Back at the flat, Gilly insists on watching our host's Bo Selecta DVD. I'm not a fan of Bo Selecta -- in fact I think it's fairly fucking moronic, with only the occassional funny line -- but with nowhere else to go I watch it. I finally get to turn in at 0530hrs (it's winter so it's not quite daylight outside yet), but only four hours later I'm awoken by Shameful and company returning. Two hours later I'm back on the motorway, and the car journey pushes me dangerously close to ending the weekend by being sick. I somehow manage to save face.

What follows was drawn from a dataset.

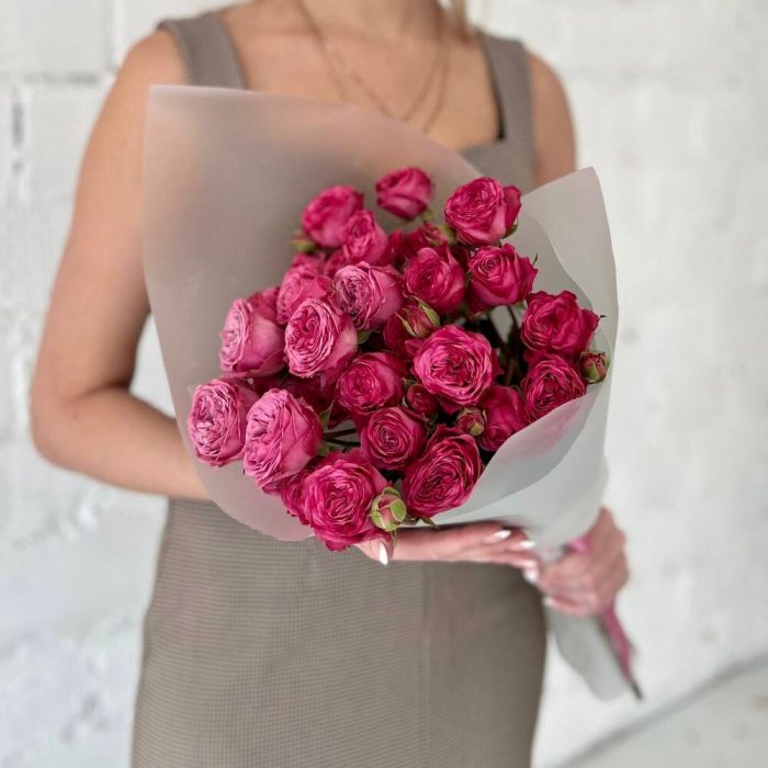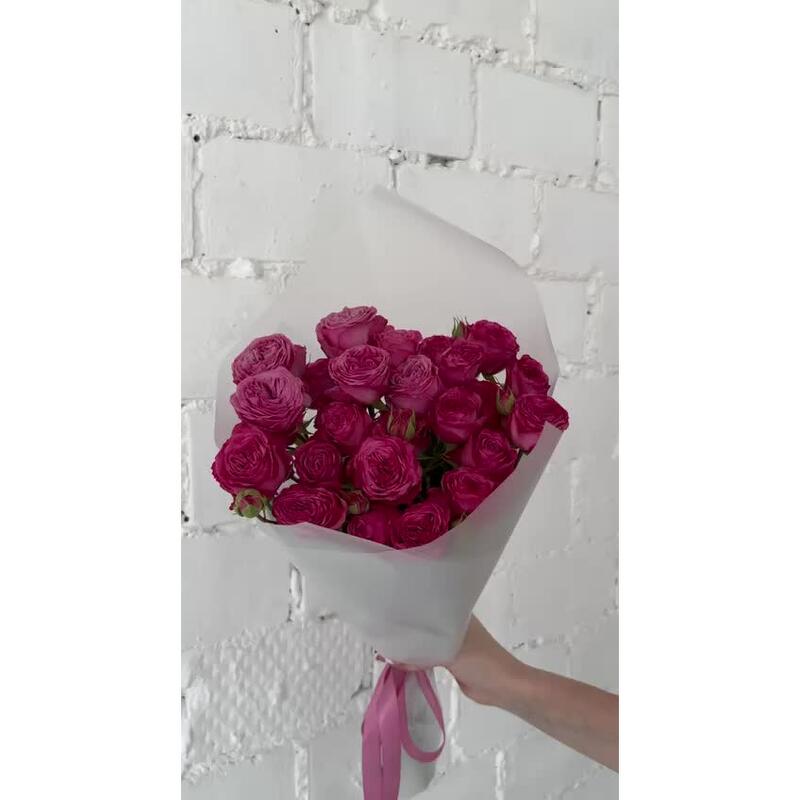 Роскошные пионовидные кустовые розы в дизайнерской упаковке

Kevin likes to watch BBC News 24
Getting back from Bristol, I discover that American forces have captured Father Christmas after an eight month search. Bastards :)
Kevin likes to test
I've got to stop following the links on Tempest's page . . .
Later . . .
Kevin likes to review
Didn't get a lot done last night, although I did start writing a review for the workshop (what will probably be my first one in six months or so). I hoping to post something in the near future, so I thought it couldn't hurt to get a few reviews under my belt before then.

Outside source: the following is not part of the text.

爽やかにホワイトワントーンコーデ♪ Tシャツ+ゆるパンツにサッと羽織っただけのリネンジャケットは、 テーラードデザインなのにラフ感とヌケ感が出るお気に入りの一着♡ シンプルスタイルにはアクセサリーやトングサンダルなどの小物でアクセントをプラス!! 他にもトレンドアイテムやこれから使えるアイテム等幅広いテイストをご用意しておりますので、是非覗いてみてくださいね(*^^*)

Tried watching The River last night. Bloody hell, it's hard work. The first fifteen minutes or so are 'Storm set to music', and it never feels in this opening quarter of an hour that the film's ever going to start. Then Mel Gibson comes on and starts talking, and oh dear god will something happen already?. I gave up after half an hour. I don't need to waste my time that badly.
Kevin likes to party
Going out in Bristol tomorrow night for the first of the Christmas parties, a night which (in my hilarity) I've dubbed Bristmas. My housemates and I have managed to get ourselves invited on a party that those who commute here from Bristol. Should be good, although as far as I'm aware we're still homeless. Never mind, I will trust in Gilly to sort something out.
Later . . .
Kevin likes to shoot people
Saw S.W.A.T. last night. Fairly good, dependable if somewhat formulaic. Farrell and L Jackson play the roles without any real struggle, but manage to give solid performances all the same. There are explosions and witty dialogue aplenty to please most action film fans.

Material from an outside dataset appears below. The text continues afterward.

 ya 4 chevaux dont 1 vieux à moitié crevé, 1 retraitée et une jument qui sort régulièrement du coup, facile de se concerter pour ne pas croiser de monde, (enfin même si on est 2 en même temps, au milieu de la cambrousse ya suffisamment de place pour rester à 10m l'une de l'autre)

The problem with this film is that it feels as though someone's trying to establish a franchise. The first half of the film is given up pretty much entirely to the formation of the team, which, if it were to be considered properly as a single entity, is too much. A lot of the screen time -- which could be given to more going up against the bad guys -- is wasted on introducing us to the main characters, and how they get into the team, when all we want to see them do is shoot people.
Like I say, it's not a bad film, it's not a particularly good one. I have a feeling that it's going fall into the 'faceless cop movie' section of my memory; I'll be able to remember certain scenes, but I'll be damned if I'll be able to remember what film they came from.
Later . . .
Kevin likes to stand in the road
Out looking at manholes again yesterday. The old adage -- 'once you've looked down one manhole, you've looked down them all' -- is true. Bored and freezing cold; it isn't a great day.
Saturday night is good. Shameful and I meet up with one of the girls from work and her gym buddies. Aside from a couple of incidents involving coats --
(Firstly: I rudely object to having my coat thrown on the floor, by a complete stranger,
(Secondly: I slightly lose my temper when I can't find my ticket for the cloak room, ever-so-slightly scaring the woman behind the counter. Shameful begins to talk about Red Kev going out and scaring women. I tell him to shut up.)
-- it is a pretty good night. Lots of money is spent (December is shaping up to be expensive, but then it always is), lots of beer is drunk, and I don't offend anyone I care about.
Kevin likes to be in the light
Tried coming up with an idea for December's Light Challenge at the zoo. As has been the case in recent months, I failed to come up with anything that I could reasonably turn into a story by the end of the month. I have an idea, but it's missing something. Whether it'll get written now remains to be seen.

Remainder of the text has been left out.